Hay madres de niños asesinados que al principio se sienten incapaces de ir al supermercado, de llevar a sus hijos al parque en cochecito, o de ir por el «mundo», porque todo ello les parece cruel y frío. No comprenden por qué la gente no quiere hablar de su Susy, ni por qué sacan a colación trivialidades y se preocupan de las próximas elecciones. No se explican por qué los vecinos ya no vienen y el viejo vendedor de huevos ya no se para a charlar. Maldicen al mundo por seguir como siempre. Y luego se dan cuenta, a veces de golpe y a veces poco a poco, que ellos antes de la tragedia hacían lo mismo.

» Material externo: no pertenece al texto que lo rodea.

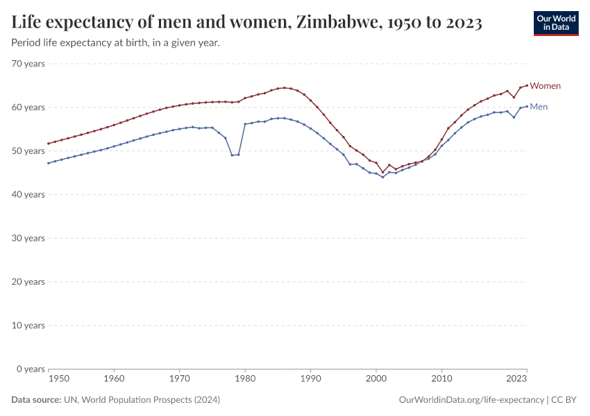 In the chart, you can see life expectancy at birth for men and women in Zimbabwe.
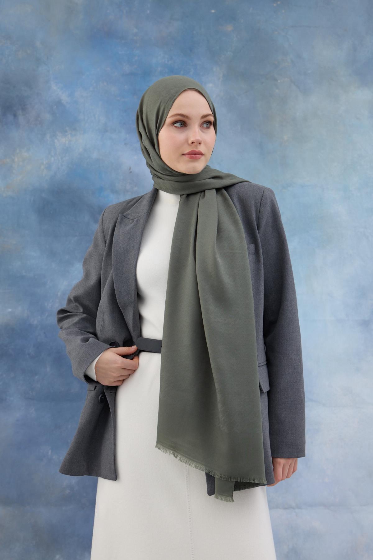 Kaz Ayağı Desen Pamuk Jakar Şal Yosun 8011-14
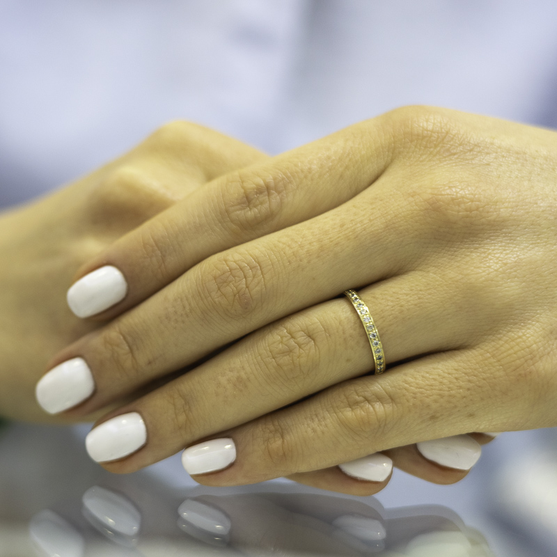 Különleges minőségű karikagyűrűk, domború komfort belsővel, és gyönyörű félig köves női designnal. A fazonok alapból félig kövesek, de szabadon tudjátok változtatni a kövek számát, illetve a fajtáját (cirkónia / gyémánt). A kövek árát a gyűrű kalkulált anyagárához hozzá kell számolni. A gyűrűkből mintadarab található meg üzletünkben, amit megnézhettek, megpróbálhattok. A gyártási idő átlagosan 3-4 hét.
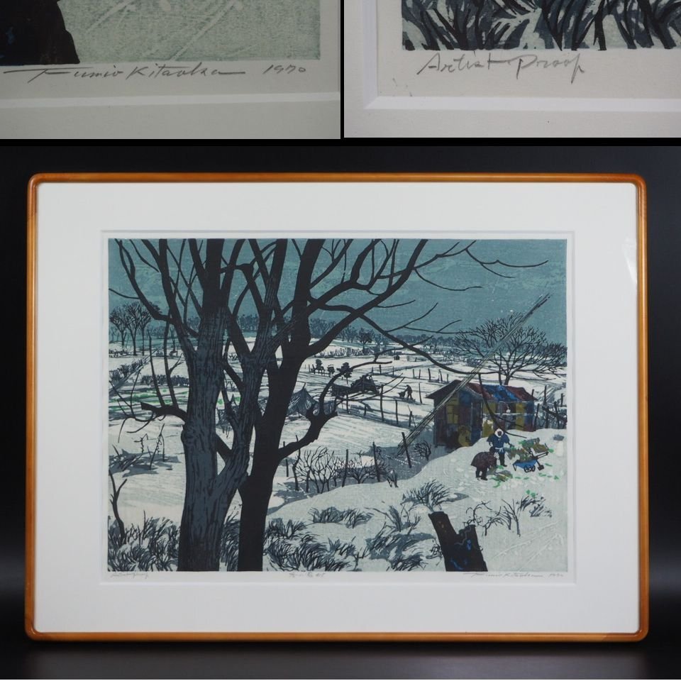| 商品説明 | 額寸約 64×56cm 画寸約 44×40cm ご覧のように、北岡文雄作木版画『冬の農村』です。額に微小あたりがありますが、状態とても良好です、詳しくは写真でご確認ください。 |
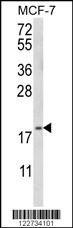 Western blot analysis of GABARAPL2 Antibody (Cat. APR07106G) in MCF-7 cell line lysates (35ug/lane). GABARAPL2 (arrow) was detected using the purified Pab.
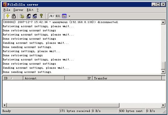 至此,F(xiàn)ileZilla Server的基本設(shè)置就完成并可以運(yùn)行了。
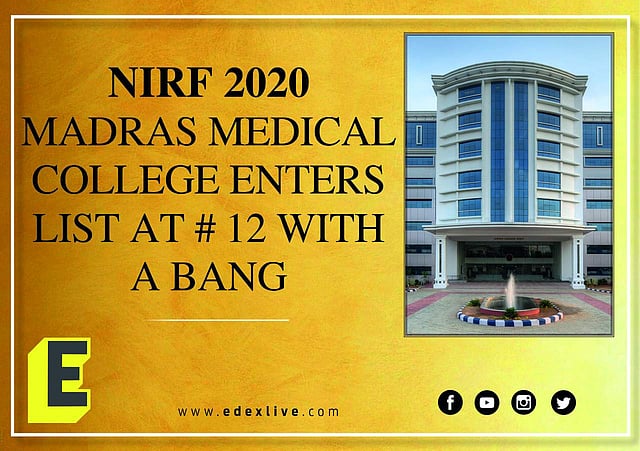 The Madras Medical College and Government General Hospital entered the list of top medical institutions in the country in the National Institutional Ranking Framework (NIRF) Rankings 2020. The 185-year-old college made its place to the 12th position on the list displacing Bengaluru's St John's Medical College (current rank 14). The prestigious college did not find a place in last year's rankings.
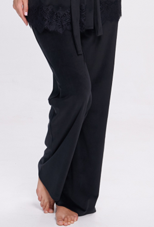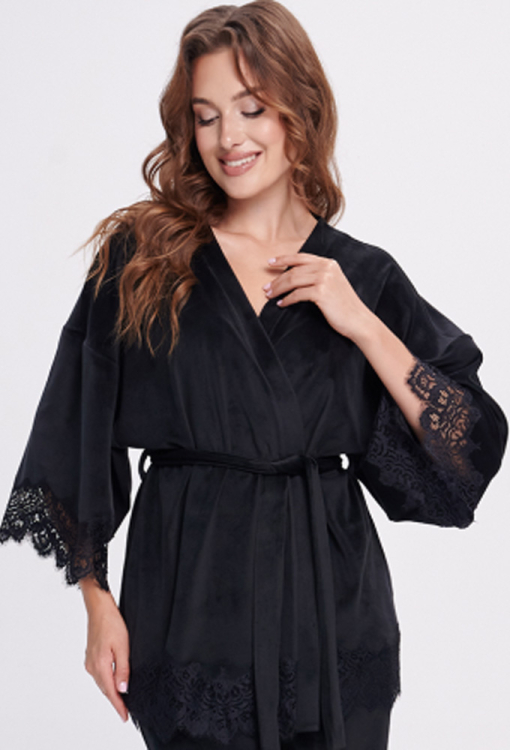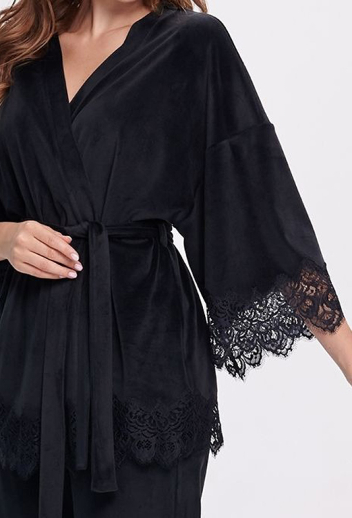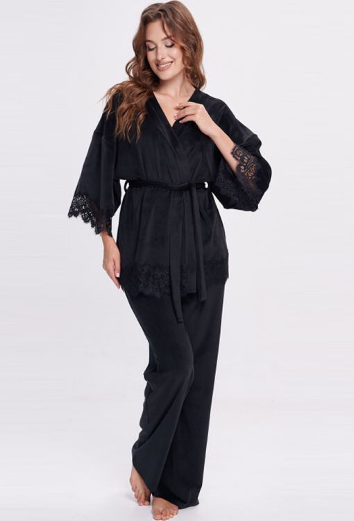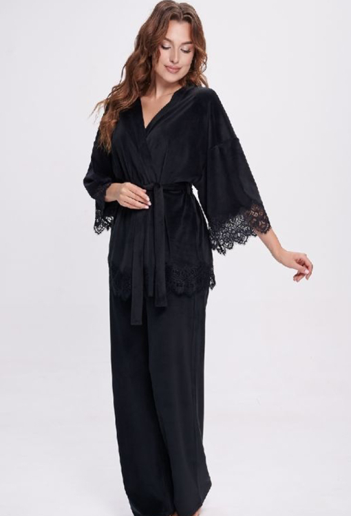 Шикарний жіночий костюм від українського бренду Shato. Костюм виконаний з якісного та м'якого велюру чорного кольору, складається з жакета вільного силуету та прямих штанів. Жакет із рукавами 7/8 та заниженою плечовою лінією, зав'язується на запах за допомогою пояса. Рукави та низ моделі прикрашені вставками з ажурного мережива. Штани з м'якою гумкою в поясі та зручними бічними кишенями. Костюм дуже красивий і комфортний, дозволить створити елегантний домашній образ, також може бути чудовим подарунком коханій та близькій людині.

Tal vez en algunos momentos tengan terribles deseos de venganza, de tomar represalias, de desquitarse con el criminal que segó la vida de su hijo. Al mismo tiempo temen encontrar al asesino y tener que enfrentarse con él en un juicio, reprimir sus deseos de venganza, sus propios impulsos asesinos, y la necesidad de tomarse la justicia por su mano.

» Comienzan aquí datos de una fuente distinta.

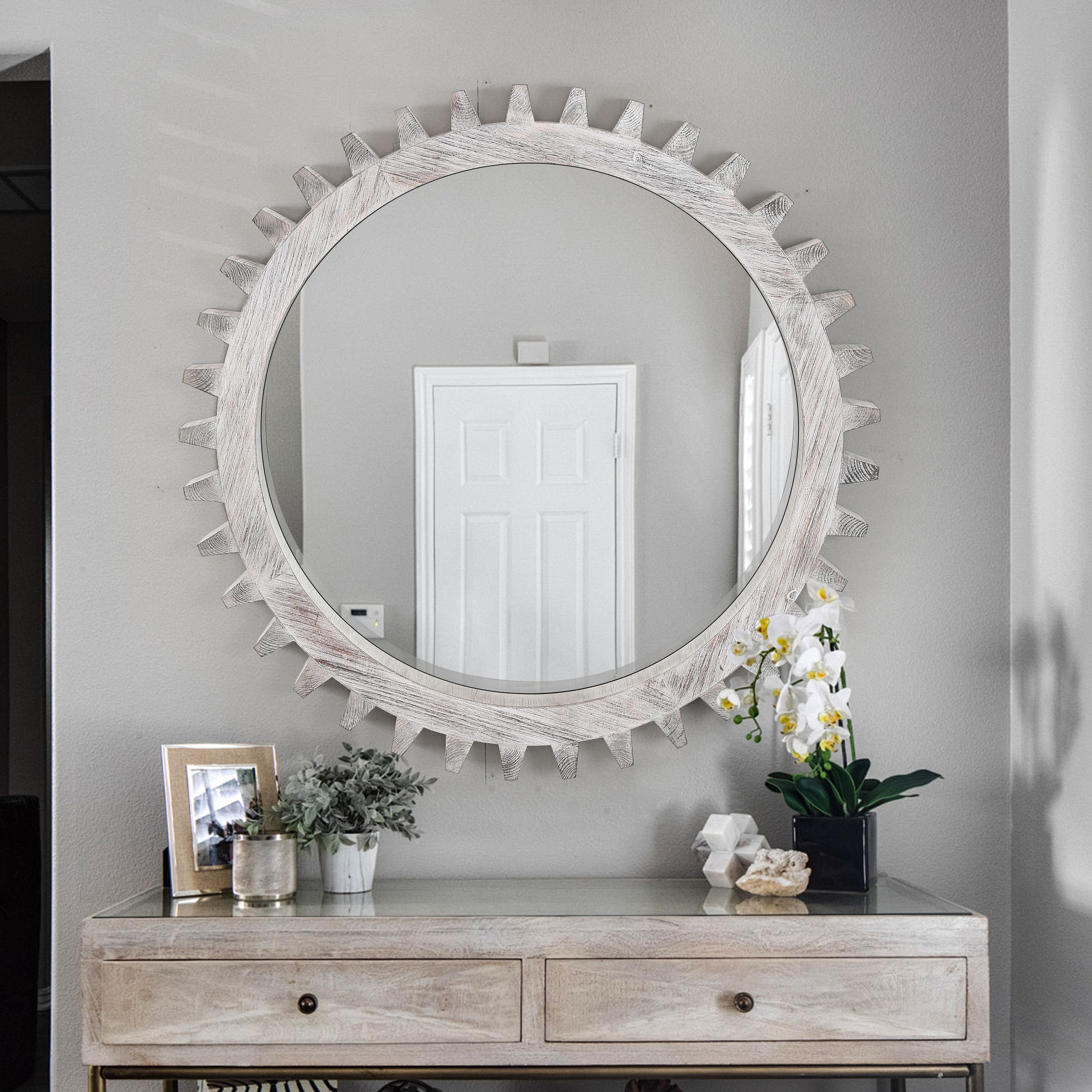 Home > Vintage Wood Round Hanging Gear Shape Heavy Decorative Mirror For Bathroom Living Room Entryway

Critican al sistema judicial por indulgente, lento, parcialidad y escasa sensibilidad para comprender a la familia de la víctima. Recuerdan las historias del «Lejano Oeste», cuando los

hombres del pueblo tomaban la justicia por su mano y linchaban a los culpables, y fantasean sobre cómo acabarían con el asesino. No advierten que esa reacción es similar a la del acusado, quien, por algún sentimiento —consciente o inconsciente— de injusticia en su vida, acabó por convertirse en asesino. Ignoran que todos los seres humanos son capaces de transformarse en un Hitler, aunque también tienen la capacidad de convertirse en una Madre Teresa.